第928章 伊冰不死,我耿水森睡不着觉!(2/2)
村口的土坡上,成排的木头篱笆被烧成了黑炭,歪歪扭扭地扎在泥土里,上面还挂着被烧焦的布条和辨不出形状的黑色团块。
空气中弥漫着一股恶臭的焦糊味,混着一种更加令人作呕的甜腻气息。李崇在耿家干了十几年,对这种气味再熟悉不过了——那是被烧过的尸体的味道。
李崇勒住了马,站在村口的土坡上,望着眼前这片惨烈的废墟,脸上的肌肉不自觉地抽搐了一下。他身后的两个随从也都吓白了脸,其中一个年轻的随从捂住了口鼻,干呕了两声。
村子里还有一些人在活动。那些人衣衫褴褛,浑身上下都沾满了黑灰和泥土,正弯着腰在废墟里翻捡着什么。
他们的动作机械而缓慢,脸上的表情木然而空洞,像是被抽空了魂魄的行尸走肉。
李崇看到一个白发苍苍的老妇人跪在一堆烧焦的瓦砾旁边,用一双满是燎泡的手在灰烬里刨着,刨出了一只被烧得变形的铜盆,然后抱在怀里,一动不动地坐着,眼睛直愣愣地看着前方,一滴眼泪都没有流。
李崇收回了目光,狠狠地咽了一口唾沫,然后翻身下了马。
他在村子外围走了几步,找到了一个正在搬运焦木的老汉,上前拱手问道:“老人家,这是怎么回事?村子怎么变成这样了?”
那老汉抬起眼看了李崇一眼,浑浊的眼珠转动了一下,然后嘶哑着嗓子吐出两个字:“山贼。
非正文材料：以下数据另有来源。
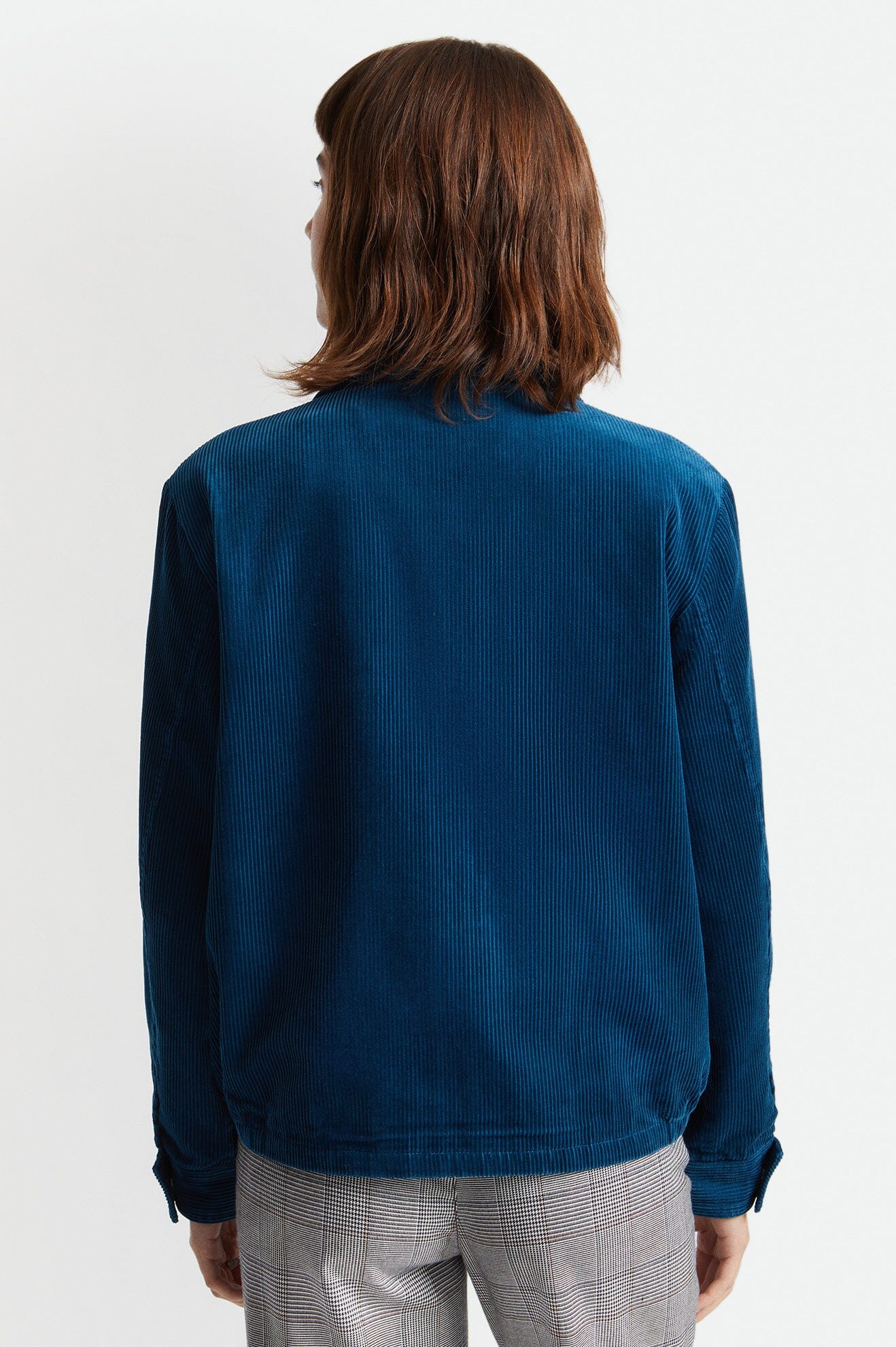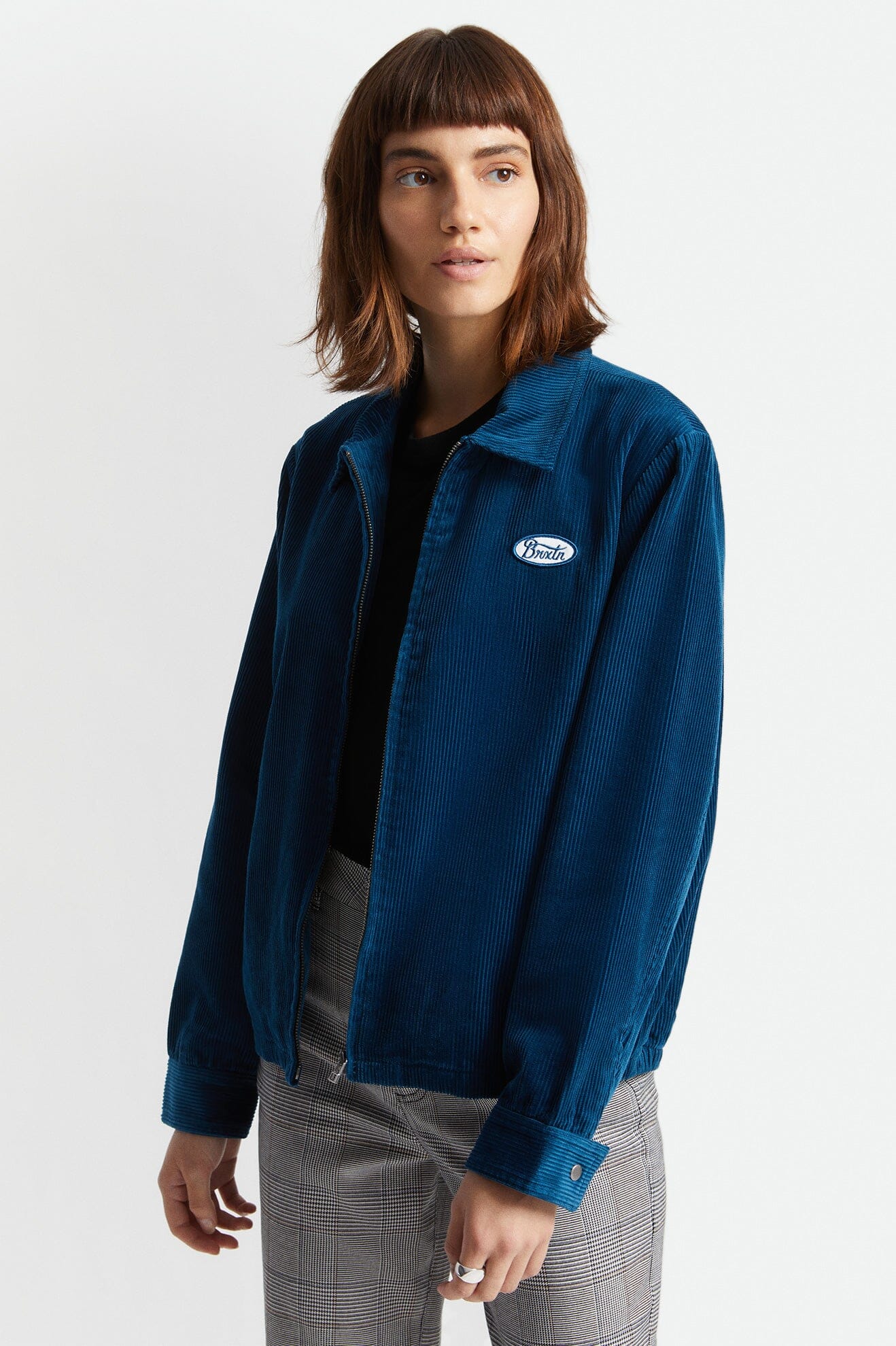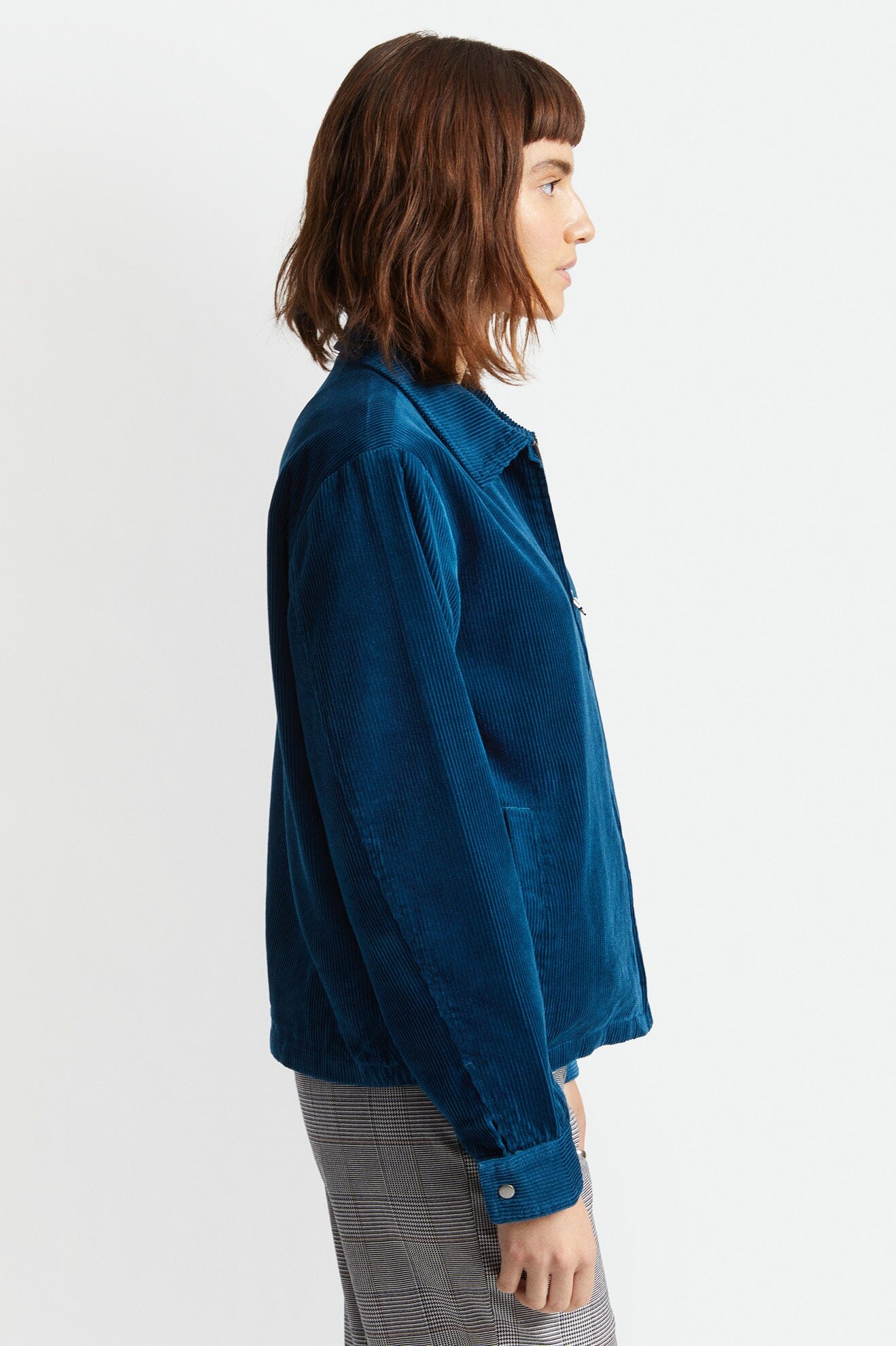 Tidløs og stilren ytterjakke til dame i work wear-stil. Jakka har praktiske sidelommer, krage, skjult glidelås i front, lett elastikk i siden og brede mansjetter i ermene med knapper.

”
山贼。李崇心里咯噔一跳。他刚看到这片废墟的时候,脑海里第一个跳出来的念头就是伊冰。
伊冰刚刚投靠白老旺,天涯村就被山贼血洗了,这时间点太巧了,巧到让李崇本能地把这两件事联系到了一起。
他又问了几个村民,从他们零零碎碎的回答里拼凑出了事情的经过——山贼是前几天夜里摸下来的,人数极多,至少有两三千人,先是杀了值夜的青壮,然后冲进村子里见人就砍,见房就烧,临走的时候还抢光了村里过冬的粮食。
李崇听完之后,心里已经有了计较。他不再多留,重新翻身上马,带着两个随从继续往山里走。
从天涯村往山里走,道路更加艰险难行。悬崖峭壁像是被巨斧硬生生劈开的一道道裂缝,羊肠小道时而贴着崖壁蜿蜒而上,时而钻进黑黢黢的密林深处。
头顶上的树冠遮天蔽日,阳光只能从树叶的缝隙里漏下来,在地面上投下一块块明暗斑驳的光斑。
不知从什么地方传来溪水撞击石头的声音,叮叮咚咚的,清脆悦耳,但在这种阴森森的环境里却显得格外瘆人。
李崇的神经一直绷得紧紧的。他知道,从他们进山的那一刻起,山贼的眼线就已经发现他们了。天涯山是白老旺的地盘,山里的每一棵树、每一块石头后面都可能藏着山贼的眼线。
他之所以还能活着继续往前走,只有一个原因——山贼在等他先开口说话。
果然,走到一处狭窄的峡谷口时,两边的崖壁上突然闪出了七八个人影。那些人影在石头和灌木丛中若隐若现,手里都握着弓箭,箭头在昏暗的光线中泛着冷森森的光芒。
李崇勒住了马,缓缓举起双手,表示自己没有敌意。他深吸了一口气,然后朗声说道:“我是省城耿府的李崇,有要紧的事情要找伊冰兄弟。烦请各位好汉通报一声。”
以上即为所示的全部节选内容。